• WHAT YOU NEED TO DO
Below are records to be repeated exactly. Leave their pictures behind.

(DATA EXTRACTS begins)

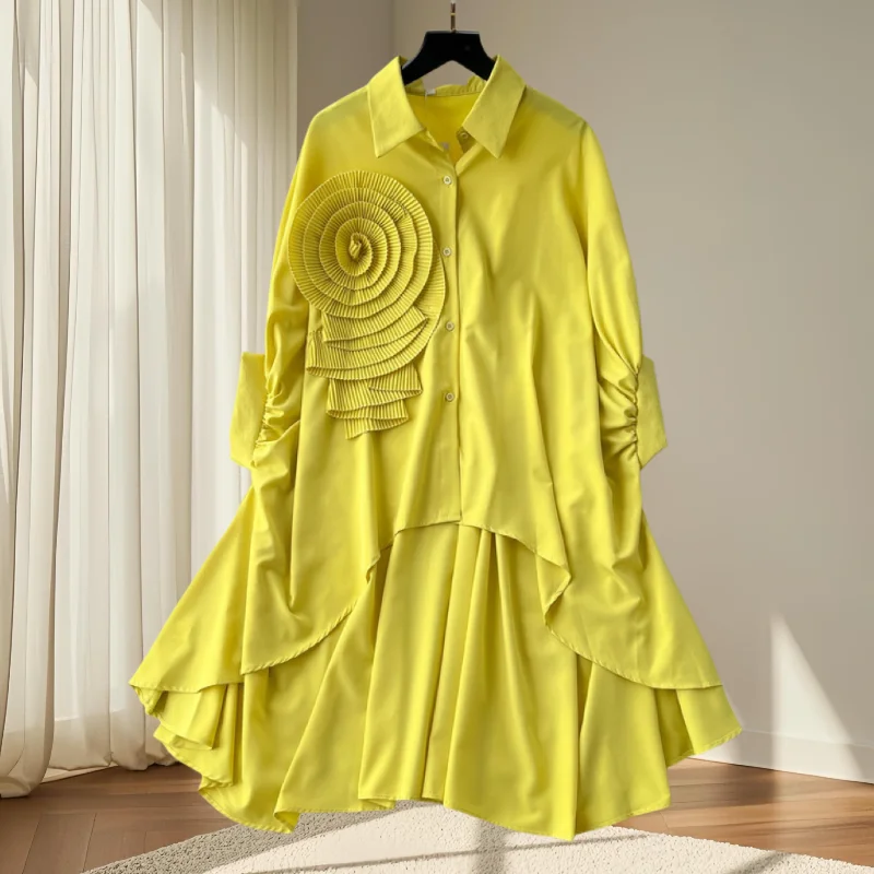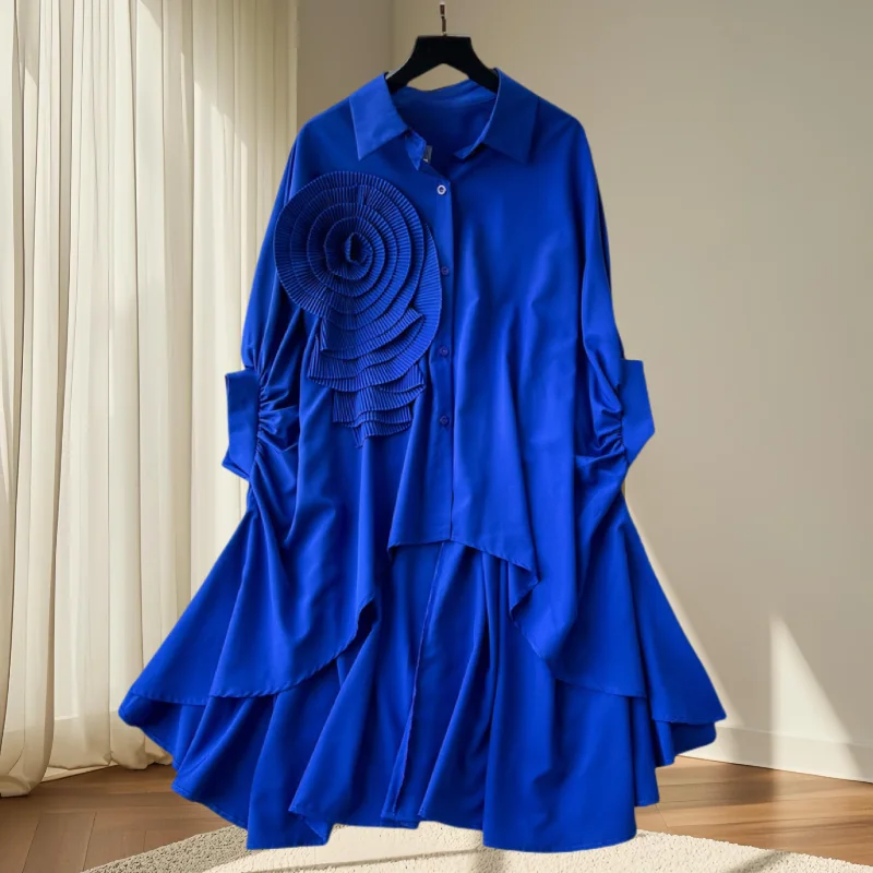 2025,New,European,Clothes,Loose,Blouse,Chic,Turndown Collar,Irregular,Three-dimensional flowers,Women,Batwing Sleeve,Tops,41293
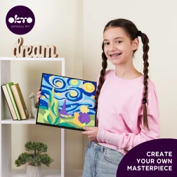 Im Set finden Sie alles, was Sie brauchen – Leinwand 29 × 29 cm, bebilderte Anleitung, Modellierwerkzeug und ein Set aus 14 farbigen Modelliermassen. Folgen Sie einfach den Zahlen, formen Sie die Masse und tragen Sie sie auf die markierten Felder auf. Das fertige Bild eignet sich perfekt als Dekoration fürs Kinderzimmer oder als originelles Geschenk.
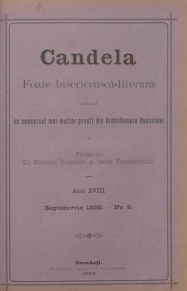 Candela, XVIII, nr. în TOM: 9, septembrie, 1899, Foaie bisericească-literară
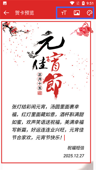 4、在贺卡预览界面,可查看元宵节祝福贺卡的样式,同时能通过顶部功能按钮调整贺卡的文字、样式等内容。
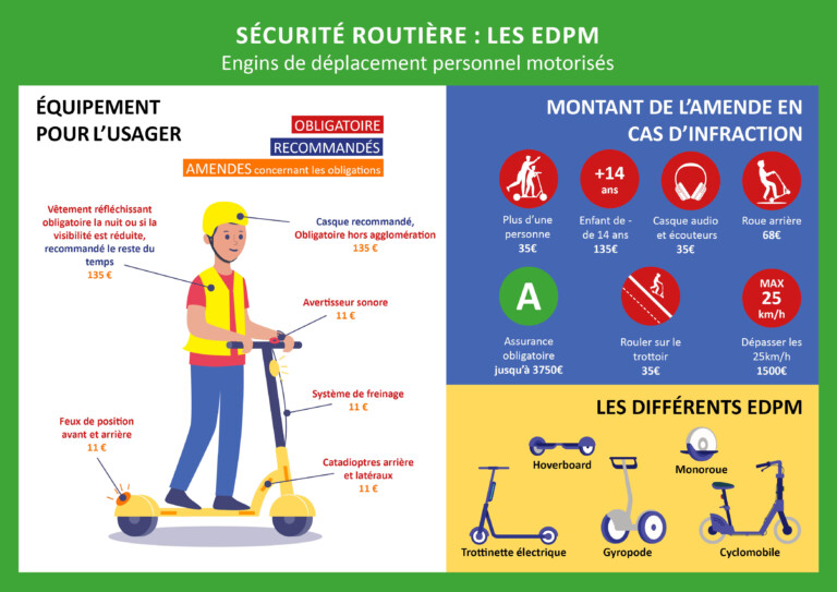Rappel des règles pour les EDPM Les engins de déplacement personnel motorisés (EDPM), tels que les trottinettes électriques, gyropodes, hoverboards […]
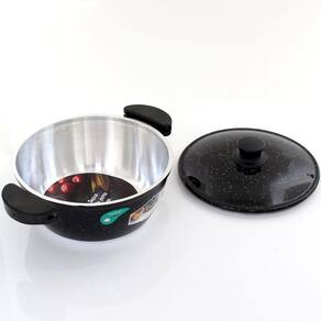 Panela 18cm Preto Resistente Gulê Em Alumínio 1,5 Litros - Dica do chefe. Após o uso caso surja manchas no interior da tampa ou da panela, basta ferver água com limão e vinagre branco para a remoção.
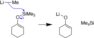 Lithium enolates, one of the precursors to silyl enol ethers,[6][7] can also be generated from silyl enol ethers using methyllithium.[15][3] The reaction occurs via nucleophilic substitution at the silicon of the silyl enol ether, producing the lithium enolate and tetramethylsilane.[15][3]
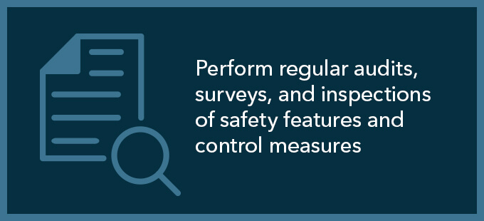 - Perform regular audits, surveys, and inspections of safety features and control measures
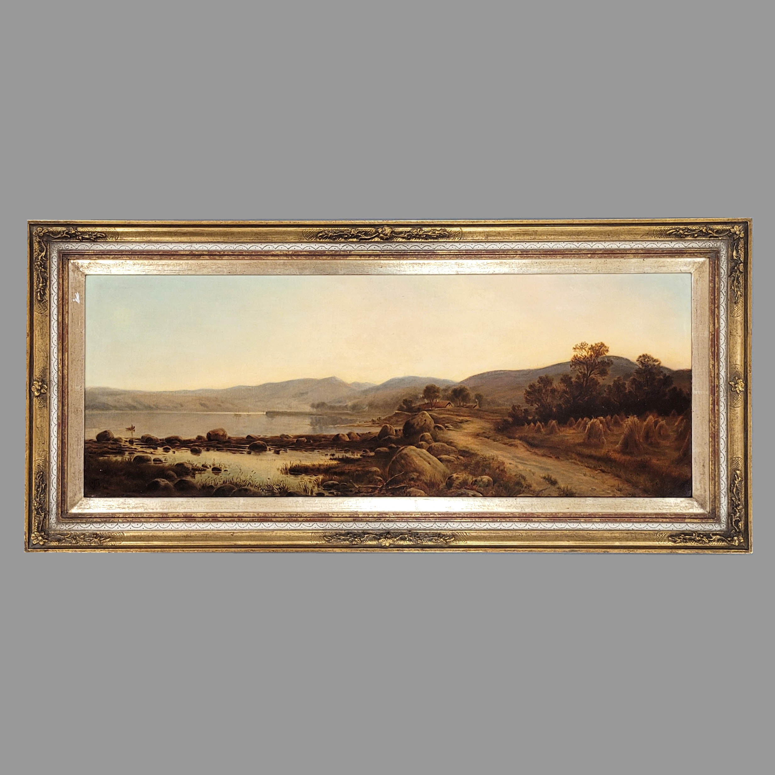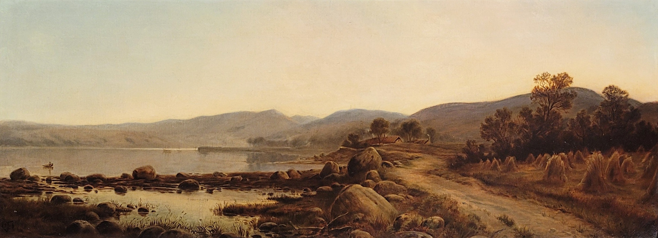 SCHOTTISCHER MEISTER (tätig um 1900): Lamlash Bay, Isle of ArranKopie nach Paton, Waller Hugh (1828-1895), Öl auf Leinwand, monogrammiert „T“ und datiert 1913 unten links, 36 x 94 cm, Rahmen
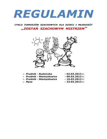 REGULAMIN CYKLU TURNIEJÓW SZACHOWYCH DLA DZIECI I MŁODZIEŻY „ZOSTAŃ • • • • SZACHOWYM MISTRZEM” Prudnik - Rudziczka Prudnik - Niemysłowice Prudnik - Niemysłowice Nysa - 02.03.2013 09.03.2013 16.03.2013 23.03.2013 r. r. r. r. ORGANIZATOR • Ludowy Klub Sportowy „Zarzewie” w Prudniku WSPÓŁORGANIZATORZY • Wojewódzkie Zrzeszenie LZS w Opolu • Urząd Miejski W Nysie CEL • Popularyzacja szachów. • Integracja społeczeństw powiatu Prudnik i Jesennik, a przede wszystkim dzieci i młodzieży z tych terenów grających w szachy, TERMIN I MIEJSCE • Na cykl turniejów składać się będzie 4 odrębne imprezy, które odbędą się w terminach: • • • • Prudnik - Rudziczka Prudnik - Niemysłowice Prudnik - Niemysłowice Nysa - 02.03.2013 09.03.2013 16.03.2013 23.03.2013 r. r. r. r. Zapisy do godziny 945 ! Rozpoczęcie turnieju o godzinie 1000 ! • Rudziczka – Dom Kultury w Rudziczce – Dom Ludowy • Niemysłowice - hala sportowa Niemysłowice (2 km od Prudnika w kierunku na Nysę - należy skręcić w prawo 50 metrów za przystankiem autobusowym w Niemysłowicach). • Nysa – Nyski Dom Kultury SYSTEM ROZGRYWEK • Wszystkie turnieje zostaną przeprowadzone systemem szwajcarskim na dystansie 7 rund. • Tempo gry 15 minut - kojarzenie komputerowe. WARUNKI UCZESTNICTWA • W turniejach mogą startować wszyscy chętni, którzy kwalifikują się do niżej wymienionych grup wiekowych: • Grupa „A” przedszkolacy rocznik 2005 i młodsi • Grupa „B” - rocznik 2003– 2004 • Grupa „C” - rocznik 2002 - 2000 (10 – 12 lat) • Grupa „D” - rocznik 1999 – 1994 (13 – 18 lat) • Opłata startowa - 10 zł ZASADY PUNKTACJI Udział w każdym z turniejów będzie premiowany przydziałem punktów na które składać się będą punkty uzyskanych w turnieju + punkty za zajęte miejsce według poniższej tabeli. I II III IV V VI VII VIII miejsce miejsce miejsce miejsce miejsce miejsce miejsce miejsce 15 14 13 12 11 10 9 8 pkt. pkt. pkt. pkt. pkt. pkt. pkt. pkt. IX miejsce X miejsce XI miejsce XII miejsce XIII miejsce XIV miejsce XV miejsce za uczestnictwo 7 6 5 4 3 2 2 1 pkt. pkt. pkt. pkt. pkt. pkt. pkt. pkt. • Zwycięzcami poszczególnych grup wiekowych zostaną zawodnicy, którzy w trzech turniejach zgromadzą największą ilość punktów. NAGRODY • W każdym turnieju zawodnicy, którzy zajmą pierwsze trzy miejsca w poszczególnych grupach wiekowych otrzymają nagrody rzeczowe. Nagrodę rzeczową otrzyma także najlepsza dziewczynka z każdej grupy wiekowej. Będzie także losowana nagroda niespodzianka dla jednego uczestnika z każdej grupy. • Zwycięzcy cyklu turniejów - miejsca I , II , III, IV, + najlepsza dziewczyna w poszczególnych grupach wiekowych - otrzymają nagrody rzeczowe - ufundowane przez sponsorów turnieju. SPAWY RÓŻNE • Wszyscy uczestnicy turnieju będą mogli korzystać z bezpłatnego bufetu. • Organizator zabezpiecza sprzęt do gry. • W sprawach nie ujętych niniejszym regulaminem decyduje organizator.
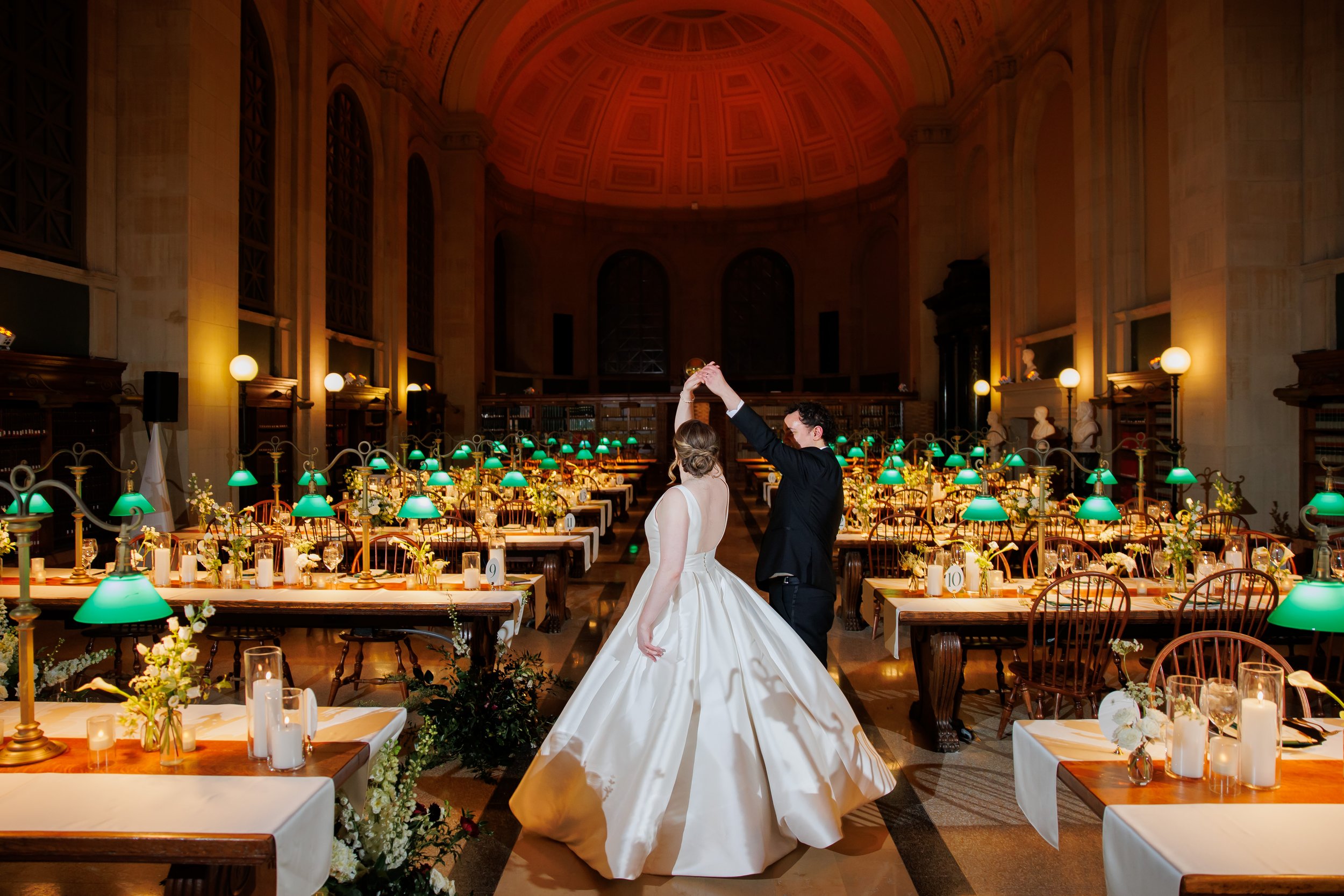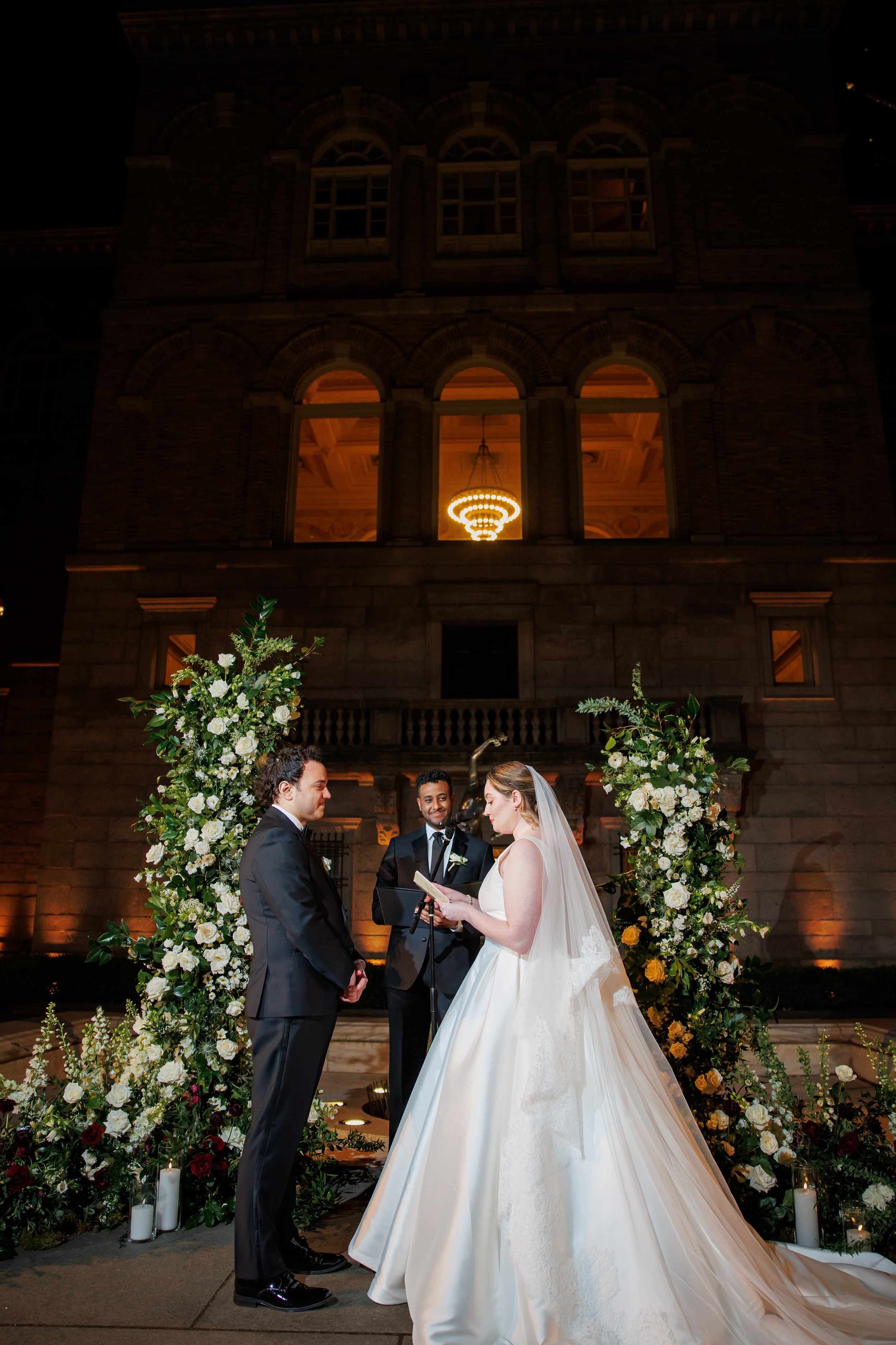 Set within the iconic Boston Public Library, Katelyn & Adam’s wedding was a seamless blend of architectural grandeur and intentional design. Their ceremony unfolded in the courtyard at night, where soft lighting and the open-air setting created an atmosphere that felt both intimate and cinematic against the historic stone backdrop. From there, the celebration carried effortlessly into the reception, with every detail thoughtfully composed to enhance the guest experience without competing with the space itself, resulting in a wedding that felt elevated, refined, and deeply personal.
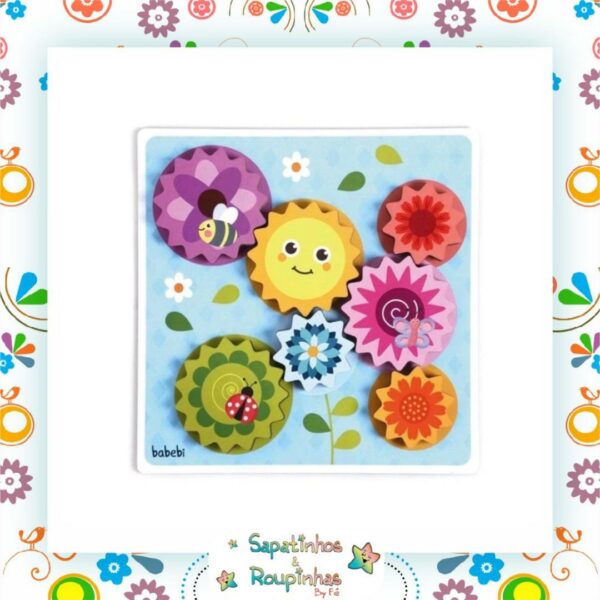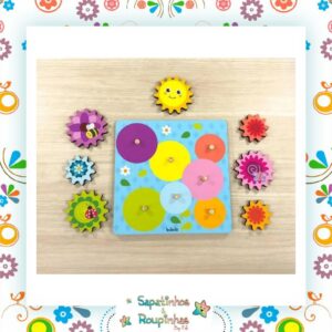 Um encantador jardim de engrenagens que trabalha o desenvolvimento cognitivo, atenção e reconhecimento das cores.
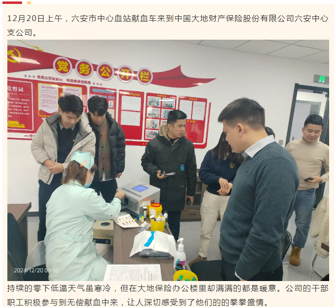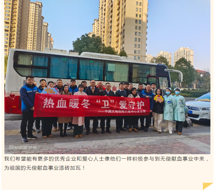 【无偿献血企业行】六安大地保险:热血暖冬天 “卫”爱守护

(DATA EXTRACTS ends)

• ANSWER AREA
 2025,New,European,Clothes,Loose,Blouse,Chic,Turndown Collar,Irregular,Three-dimensional flowers,Women,Batwing Sleeve,Tops,41293
 Im Set finden Sie alles, was Sie brauchen – Leinwand 29 × 29 cm, bebilderte Anleitung, Modellierwerkzeug und ein Set aus 14 farbigen Modelliermassen. Folgen Sie einfach den Zahlen, formen Sie die Masse und tragen Sie sie auf die markierten Felder auf. Das fertige Bild eignet sich perfekt als Dekoration fürs Kinderzimmer oder als originelles Geschenk.
 Candela, XVIII, nr. în TOM: 9, septembrie, 1899, Foaie bisericească-literară
 4、在贺卡预览界面,可查看元宵节祝福贺卡的样式,同时能通过顶部功能按钮调整贺卡的文字、样式等内容。
Rappel des règles pour les EDPM Les engins de déplacement personnel motorisés (EDPM), tels que les trottinettes électriques, gyropodes, hoverboards […]
 Panela 18cm Preto Resistente Gulê Em Alumínio 1,5 Litros - Dica do chefe. Após o uso caso surja manchas no interior da tampa ou da panela, basta ferver água com limão e vinagre branco para a remoção.
 Lithium enolates, one of the precursors to silyl enol ethers,[6][7] can also be generated from silyl enol ethers using methyllithium.[15][3] The reaction occurs via nucleophilic substitution at the silicon of the silyl enol ether, producing the lithium enolate and tetramethylsilane.[15][3]
 - Perform regular audits, surveys, and inspections of safety features and control measures
 SCHOTTISCHER MEISTER (tätig um 1900): Lamlash Bay, Isle of ArranKopie nach Paton, Waller Hugh (1828-1895), Öl auf Leinwand, monogrammiert „T“ und datiert 1913 unten links, 36 x 94 cm, Rahmen
 REGULAMIN CYKLU TURNIEJÓW SZACHOWYCH DLA DZIECI I MŁODZIEŻY „ZOSTAŃ • • • • SZACHOWYM MISTRZEM” Prudnik - Rudziczka Prudnik - Niemysłowice Prudnik - Niemysłowice Nysa - 02.03.2013 09.03.2013 16.03.2013 23.03.2013 r. r. r. r. ORGANIZATOR • Ludowy Klub Sportowy „Zarzewie” w Prudniku WSPÓŁORGANIZATORZY • Wojewódzkie Zrzeszenie LZS w Opolu • Urząd Miejski W Nysie CEL • Popularyzacja szachów. • Integracja społeczeństw powiatu Prudnik i Jesennik, a przede wszystkim dzieci i młodzieży z tych terenów grających w szachy, TERMIN I MIEJSCE • Na cykl turniejów składać się będzie 4 odrębne imprezy, które odbędą się w terminach: • • • • Prudnik - Rudziczka Prudnik - Niemysłowice Prudnik - Niemysłowice Nysa - 02.03.2013 09.03.2013 16.03.2013 23.03.2013 r. r. r. r. Zapisy do godziny 945 ! Rozpoczęcie turnieju o godzinie 1000 ! • Rudziczka – Dom Kultury w Rudziczce – Dom Ludowy • Niemysłowice - hala sportowa Niemysłowice (2 km od Prudnika w kierunku na Nysę - należy skręcić w prawo 50 metrów za przystankiem autobusowym w Niemysłowicach). • Nysa – Nyski Dom Kultury SYSTEM ROZGRYWEK • Wszystkie turnieje zostaną przeprowadzone systemem szwajcarskim na dystansie 7 rund. • Tempo gry 15 minut - kojarzenie komputerowe. WARUNKI UCZESTNICTWA • W turniejach mogą startować wszyscy chętni, którzy kwalifikują się do niżej wymienionych grup wiekowych: • Grupa „A” przedszkolacy rocznik 2005 i młodsi • Grupa „B” - rocznik 2003– 2004 • Grupa „C” - rocznik 2002 - 2000 (10 – 12 lat) • Grupa „D” - rocznik 1999 – 1994 (13 – 18 lat) • Opłata startowa - 10 zł ZASADY PUNKTACJI Udział w każdym z turniejów będzie premiowany przydziałem punktów na które składać się będą punkty uzyskanych w turnieju + punkty za zajęte miejsce według poniższej tabeli. I II III IV V VI VII VIII miejsce miejsce miejsce miejsce miejsce miejsce miejsce miejsce 15 14 13 12 11 10 9 8 pkt. pkt. pkt. pkt. pkt. pkt. pkt. pkt. IX miejsce X miejsce XI miejsce XII miejsce XIII miejsce XIV miejsce XV miejsce za uczestnictwo 7 6 5 4 3 2 2 1 pkt. pkt. pkt. pkt. pkt. pkt. pkt. pkt. • Zwycięzcami poszczególnych grup wiekowych zostaną zawodnicy, którzy w trzech turniejach zgromadzą największą ilość punktów. NAGRODY • W każdym turnieju zawodnicy, którzy zajmą pierwsze trzy miejsca w poszczególnych grupach wiekowych otrzymają nagrody rzeczowe. Nagrodę rzeczową otrzyma także najlepsza dziewczynka z każdej grupy wiekowej. Będzie także losowana nagroda niespodzianka dla jednego uczestnika z każdej grupy. • Zwycięzcy cyklu turniejów - miejsca I , II , III, IV, + najlepsza dziewczyna w poszczególnych grupach wiekowych - otrzymają nagrody rzeczowe - ufundowane przez sponsorów turnieju. SPAWY RÓŻNE • Wszyscy uczestnicy turnieju będą mogli korzystać z bezpłatnego bufetu. • Organizator zabezpiecza sprzęt do gry. • W sprawach nie ujętych niniejszym regulaminem decyduje organizator.
 Set within the iconic Boston Public Library, Katelyn & Adam’s wedding was a seamless blend of architectural grandeur and intentional design. Their ceremony unfolded in the courtyard at night, where soft lighting and the open-air setting created an atmosphere that felt both intimate and cinematic against the historic stone backdrop. From there, the celebration carried effortlessly into the reception, with every detail thoughtfully composed to enhance the guest experience without competing with the space itself, resulting in a wedding that felt elevated, refined, and deeply personal.
 Um encantador jardim de engrenagens que trabalha o desenvolvimento cognitivo, atenção e reconhecimento das cores.
 【无偿献血企业行】六安大地保险:热血暖冬天 “卫”爱守护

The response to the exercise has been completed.